Following properties are defined in the setup code above:
tables#
<input_table1>
, <input_table2>
… are the names of the Tabsdata tables to be written to the external system.
destination#
<path_to_file1>
, <path_to_file2>
… are the full system directory paths to write the files to.
All the destination files in a subscriber need to have the same extension. Following file formats are supported currently: CSV, jsonl, ndjson, and parquet.
You can specify as many file paths as needed.
You can define the destination files in the following ways:
File Path
To write by file path where the file extension is included as part of the file path, define the destination as follows:
destination=td.AzureDestination(["az://<path_to_file1.ext>","az://<path_to_file2.ext>"], azure_credentials),
<path_to_file1.ext>
, <path_to_file2.ext>
… have the extensions of the file included in the file name as part of the path.
File Format
To write files by file format where format is declared separately and not in the file name, define the destination as follows:
destination=td.AzureDestination([
"az://<path_to_file1_no_extension>",
"az://<path_to_file2_no_extension>",
], azure_credentials, format="<format_name>"),
"<path_to_file1_no_extension>"
, "<path_to_file2_no_extension>"
… are paths to files with extensions of the file not included in the file name. The extension to all files is mentioned separately in format
.
Custom delimiter for CSV
To define a custom delimiter for reading a CSV file, use the format code as follows:
destination=td.AzureDestination([
"az://<path_to_file1_no_extension>",
"az://<path_to_file2_no_extension>",
], azure_credentials, format=td.CSVFormat(separator="<separator_character>")),
"<path_to_file1_no_extension>"
, "<path_to_file2_no_extension>"
… are paths to CSV files with a custom delimiter, with extensions of the file not included in the file name.

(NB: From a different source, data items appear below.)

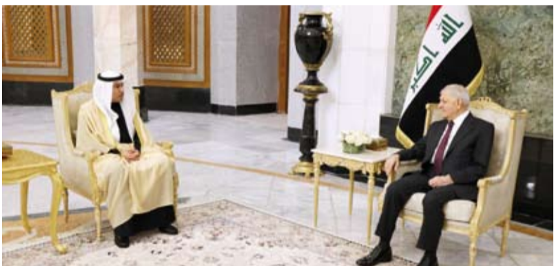
الرئيس العراقي لدى استقباله سفير الكويت

التي تربط العراق بدولة الكويت لما تشهده من تطور مستمر على مختلف المستويات متمنيا للسفير الجديد التوفيق والنجاح في مهامه الدبلوماسية. كما أكد الرئيس العراقي حرص بلاده على إقامة علاقات متوازنة وبناء جسور التعاون مع مختلف دول العالم وسعيه الدائم من أجل ترسيخ الأمن والاستقرار والسلام في المنطقة. وكان وزير الخارجية العراقي فؤاد حسين قد استقبل السفير الكويتي الجديد وأعرب عن عمق الروابط التاريخية والاجتماعية التي تجمع العراق والكويت، مشدداً على أهمية العمل المشترك لتطوير التعاون الثنائي بما يخدم المصالح المشتركة.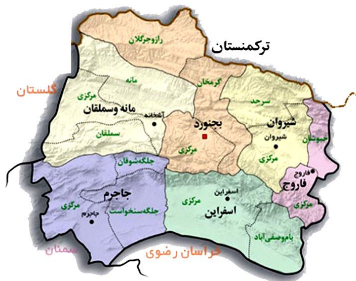
شکل ۳. موقعیت شهر بجنورد

جمعیت: به استناد نتایج سرشماری سال ۱۳۹۵، جمعیت شهر بجنورد ۲۲۸۹۳۱ نفر می‌باشد (مرکز آمار ایران، ۱۳۹۵).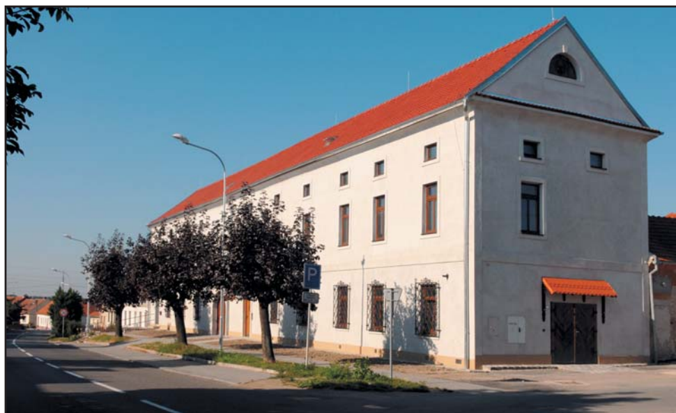
Po požáru nejstarší školy v Újezdě u Brna se učilo v této budově na Šternově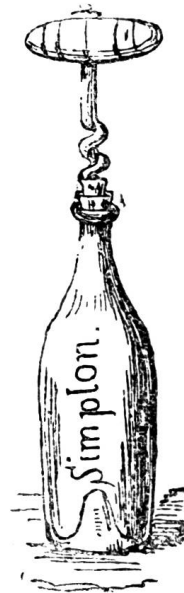
Tunnelbohrer, womit Lavallette den Simplon zu durchstechen gedenkt.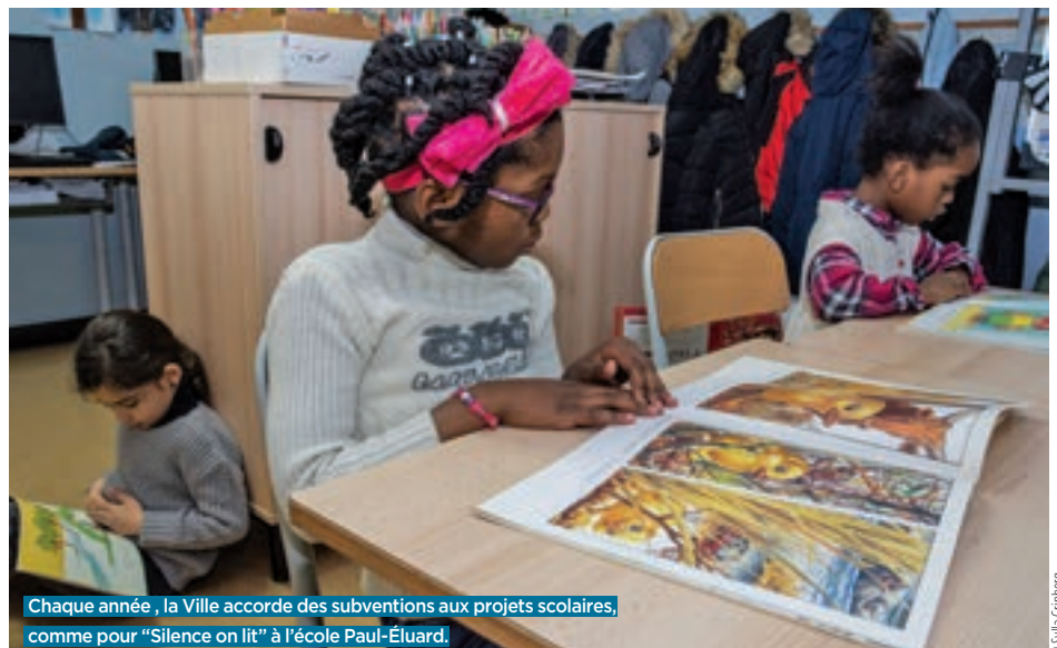
Chaque année, la Ville accorde des subventions aux projets scolaires, comme pour « Silence on lit » à l'école Paul-Éluard.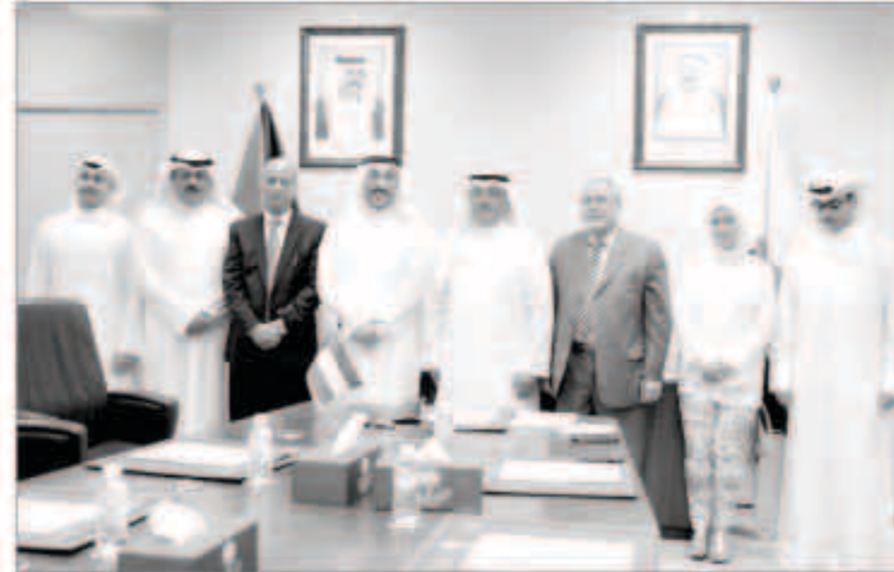
وزارة التجارة والصناعة الكويتية واتحاد مصارف الكويت خلال توقيع مذكرة تفاهم لنقل المعلومات

التي تنظم العلاقة بين الجهتين وتضمن السرية المصرفية. وأشار إلى أن «التجارة» انتقلت خلال الفترة السابقة إلى إعادة تأهيل خدماتها المقدمة وفقاً للقانون علاوة على تحقيق المصلحة التي تعود على المراجعين والمتفاعلين من تلك الخدمات.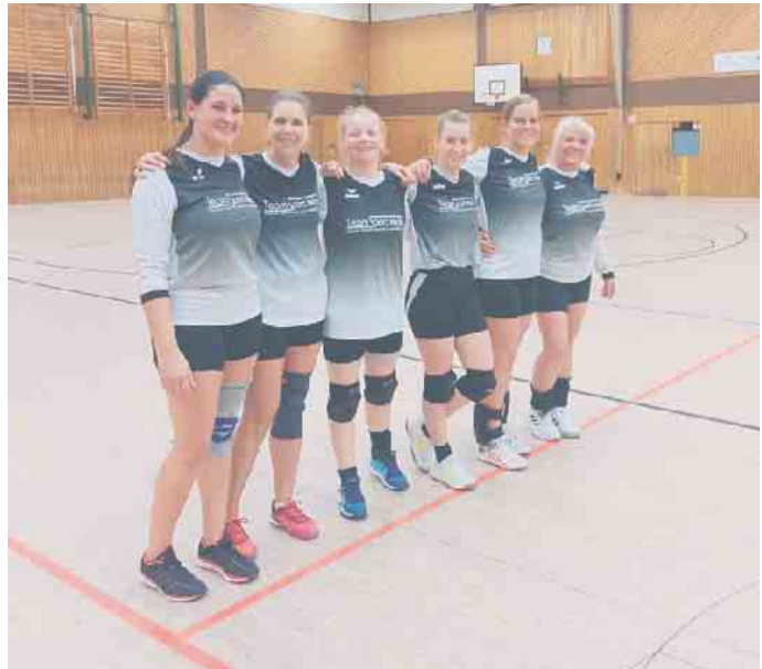
Die Faustballerinnen des STV liegen nach zwei Spieltagen auf dem 4. Platz in der Verbandsliga.

Die Faustballe des STV liegen nach dem zweiten Spieltag in der Landesliga auf dem sechsten Platz. Dabei wäre gegen den Leichlinger TV3 mehr drin gewesen als die letztlich unglückliche Drei-Satz-Niederlage. Aber im entscheidenden Moment fehlt dem Team noch die Konstanz. So konnte sich Leichlingen den dritten Satz und damit den Sieg holen. Gegen den verlustpunktfreien Tabellenführer Ohligser TV2 hielten die Faustballe des STV zwar gut mit, doch trotz mannschaftlich geschlossener Leistung konnte die Zwei-Satz-Niederlage nicht abgewendet werden. Dennoch zeigt sich deutlich, dass das Team derzeit hinter den Möglichkeiten zurückbleibt, was für die kommenden Spieltage optimistisch stimmt.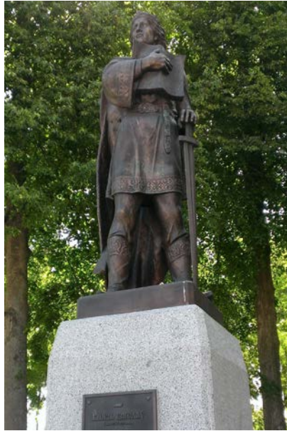
Помнік князю Ізяславу на Рынкавай плошчы ў Заслаўі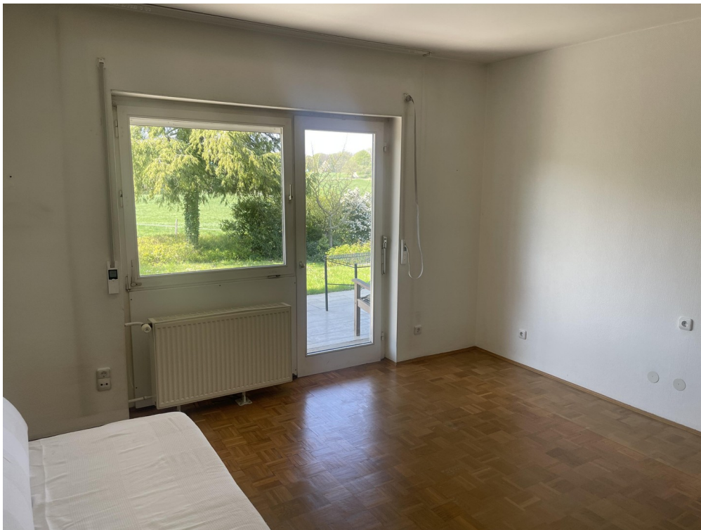
Schlafzimmer zur Terrasse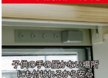
サッシ天側設置で安心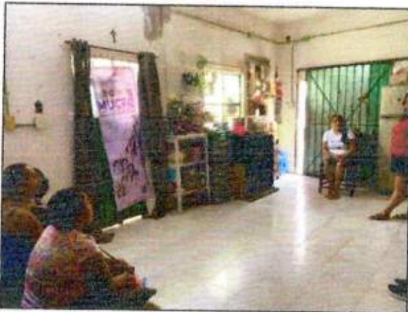
Sesión de trabajo para la construcción de un plan de acción comunitaria con la Red MUCPAZ (Mujeres en Renacimiento) del municipio de Benito Juárez – Región 68. 23/octubre/2023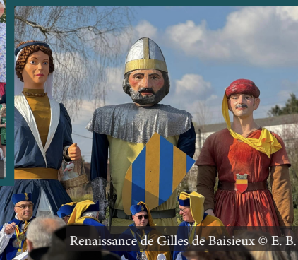
Renaissance de Gilles de Baisieux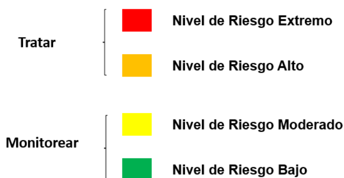
Figura N°3. Estrategias de Tratamiento Riesgos Residuales. -----

A continuación, se indican las estrategias de tratamiento que se deben tener en cuenta para gestionar los riesgos residuales: -----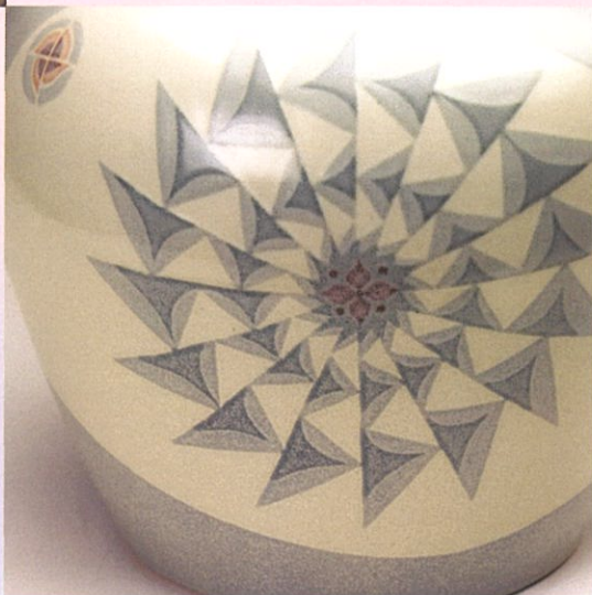
宮之原謙《彩盛磁かざぐるま壺》(部分) 1975年

The delimiter is a single byte character such as colon (:), semicolon (;), and period (.) that separate the fields in the given file instead of a comma(,). You define the character in separator
.
credentials#
A subscriber needs credentials to write files to Azure Blob Storage. Here the value is defined using a variable azure_credentials. The variable is an object of class AzureAccountKeyCredentials
with following values.
AZURE_ACCOUNT_NAME
is your Azure account name.
AZURE_ACCOUNT_KEY
is the value of your Azure account key.
You can use different ways to store the credentials which are highlighted here in the documentation.
trigger_by#
[optional] <trigger_table1>
, <trigger_table2>
… are the names of the tables in the Tabsdata server. A new commit to any of these tables triggers the subscriber. All listed trigger tables must exist in the server before registering the subscriber.

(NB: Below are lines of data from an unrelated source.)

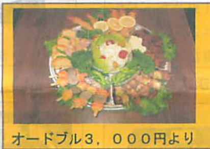
オードブル3,000円より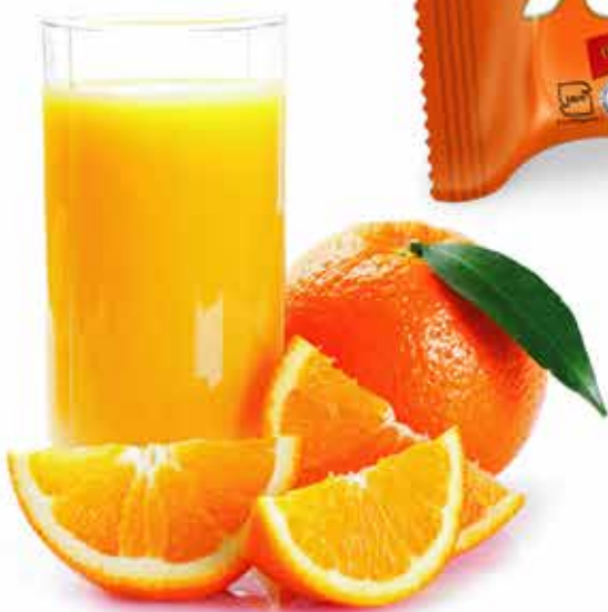
Wafer (Rozet) (ویفر (روزت))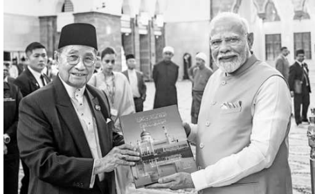
Prime Minister Narendra Modi during a visit to Omar Ali Saifuddin Mosque, in Brunei on Tuesday

Prime Minister Narendra Modi on Tuesday said he was looking forward to strong ties with Brunei, as he arrived here on the first leg of his two-nation trip meant to strengthen cooperation in sectors like defence, trade and investment, energy as well as people-to-people exchanges. Modi, the first Indian Prime Minister to travel to Brunei on a bilateral visit, said he was looking forward to his meetings with Sultan Hassanal Bolkiah and other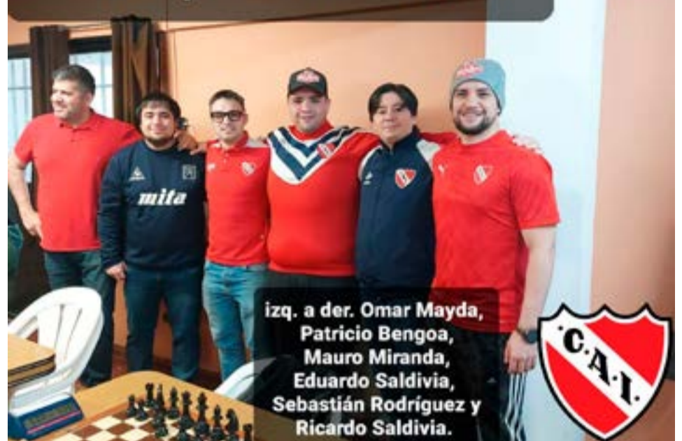
El club Atlético Independiente obtuvo la cuarta posición de la competencia.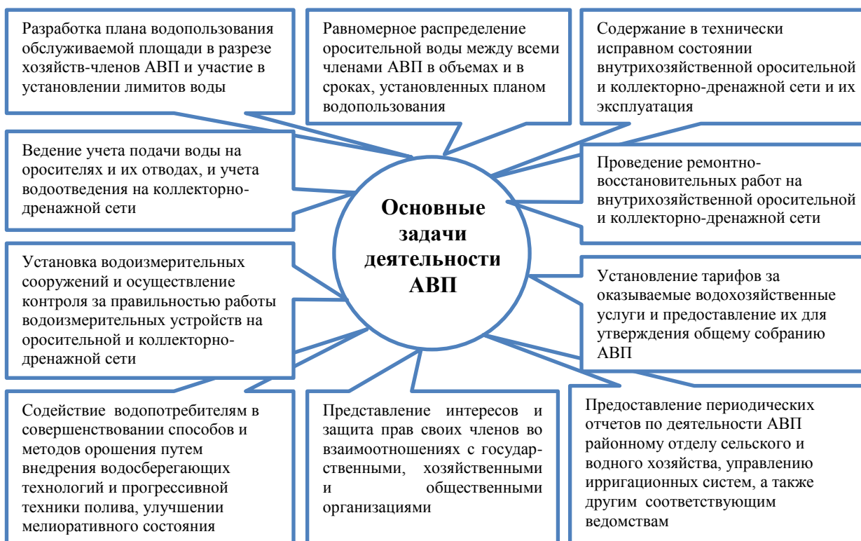
Рис. 1 - Основные задачи деятельности АВП 1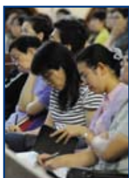
營前講座的參加者都十分專心學道。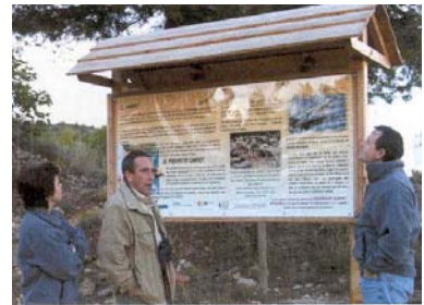
Fotos nº1 i 2: El panell informatiu situat a les immediacions del recinte, posa en coneixement dels excursionistes tant les característiques del projecte com els requisits mínims per tal de garantir la tranquil·litat dels voltors.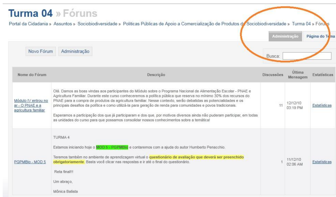
Figura 10 - ambiente virtual - fóruns

Os módulos de estudo foram divididos em 5 a 7 unidades, e foram disponibilizados dentro do ambiente virtual com fácil acesso, podendo ser diferenciado por cores, a cada conclusão de módulo o aluno recebe automaticamente autorização para acessar os próximos conteúdos.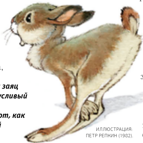
ИЛЛЮСТРАЦИЯ: ПЕТР РЕПКИН (1982).

— Они тоже, в основном, авторского происхождения и пришли в фольклор из древнерусской письменности, а та, в свою очередь, во многом восходит к византийской традиции. Например, птицы, живущие в раю: Сирин, Алконост, Гамаюн... Через ту же Византию добиралась до нас и античная традиция. Так что знали на Руси и китовраса (кентавра), и единорога, и левиафана... Мало того, бытовало еще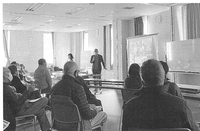
2021年1月に行った、ハンドブック策定記念講演会の様子です

2021年5月より、策定したハンドブックを手に、避難所開設時に運営側に戻る自治会の役員の皆さま向けに出前講座をスタートしました。まずは運営側に回る役員の皆さまに、一緒に考える機会を持っていただくことで、実際に避難所を開設する時に最初からジェンダーの視点を持った避難所運営ができる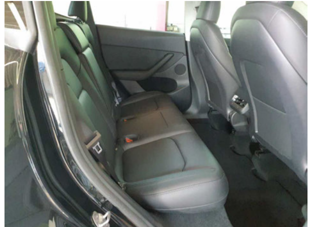
Abbildung 14: Innenraum hinten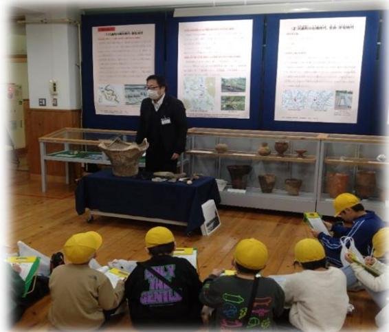
かわじま郷土資料展示室（旧小見野小学校）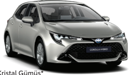
1J6 – Kristal Gümüş*

Defining trigger tables is optional. If you don’t define the trigger_by
property, the subscriber will be triggered by any of its input tables. If you define the trigger_by
property, then only those tables listed in the property can automatically trigger the subscriber.

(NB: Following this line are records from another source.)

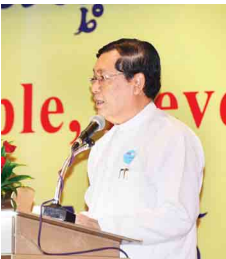
ဦးသိန်းဆွေ(ပြည်ထောင်စုဝန်ကြီး)

ခေတ်မီသားဆက်ခြားနည်းလမ်းများကို ရရှိအသုံးပြုနိုင်ခဲ့မည်ဆိုပါက ကမ္ဘာတစ်ဝန်းမှ သန်း(၆၀)သော အမျိုးသမီးများအနေဖြင့် မလိုချင်ဘဲ ကိုယ်ဝန်ဆောင်ခြင်းကို ကာကွယ်နိုင်မည်ဖြစ်ပါကြောင်း၊ ထို့ပြင် ၂၀၁၆ ခုနှစ်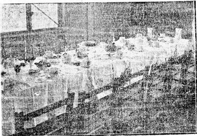
Ibolya asztal. II. díj.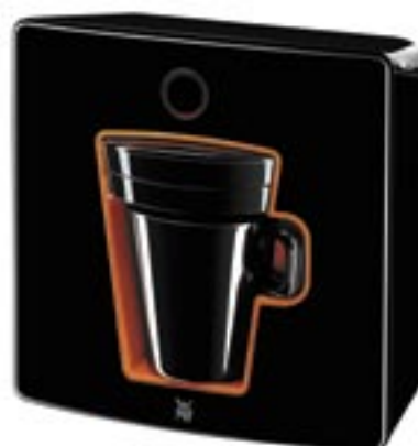
Artikel: WMF-133 - WMF „1“ Kaffeepadmaschine

Die Kaffeepadmaschine WMF 1 für portionierten Filterkaffee im Pad. WMF 1 überrascht mit außergewöhnlichem Design und Formgebung. Die integrierte Tasse macht jede Kaffeepause zu einem besonderen Ereignis. Die Kaffeepadmaschine lässt sich nahezu überall dort verwenden wo man frisch gebrühten Kaffee genießen möchte: im Büro, auf der Terrasse oder sogar im Schlafzimmer. Funktion: In weniger als einer Minute bereitet Ihre WMF 1 eine Tasse duftend frischen Kaffee zu. Der Wassertank fasst so viel, wie Sie für eine Tasse Kaffee brauchen. Sie brühen also immer mit frischem Wasser. Legen Sie in den Padhalter ein handelsübliches Kaffeepad Ihrer Wahl. Einfach Knopf drücken und in weniger als einer Minute ist Ihre Tasse duftend frischer Kaffee fertig. Integrierter Wassertank, Kabelaufwicklung im Boden, Einknopfbedienung, Netzanschluss 220-230 V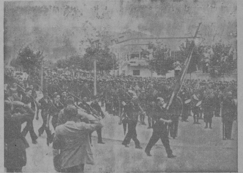
La Bandera de Falange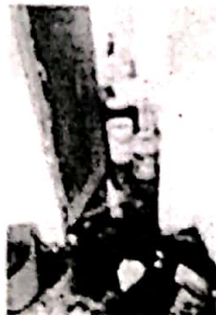
Wie sien out die buurman by Goudswaagse Jn. Die inwoners het 'n ander manier gebruik om hulle probleme te beskryf en hulle te laat weet dat hulle nie wil verhuis nie.

Die inwoners van die Agterwoud-gebied het die Volksblad-tydskrif gebruik om hulle probleme te beskryf en hulle te laat weet dat hulle nie wil verhuis nie.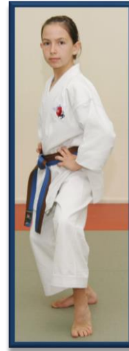
NEKO ASHI DACHI (BIS)

For more information, see Working with Triggers.
<subscriber_name>#
<subscriber_name>
is the name for the subscriber that you are configuring.
<function_logic>#
<function_logic>
governs the processing performed by the subscriber. You can specify function logic to be a simple write or to perform additional processing as needed. For more information about the function logic that you can include, see Working with Tables.
<table_frame1>
, <table_frame2>
… are the names for the variables that temporarily store source data for processing.
<table_frame_output1>
, <table_frame_output2>
… are the output from the function that are written to the external system.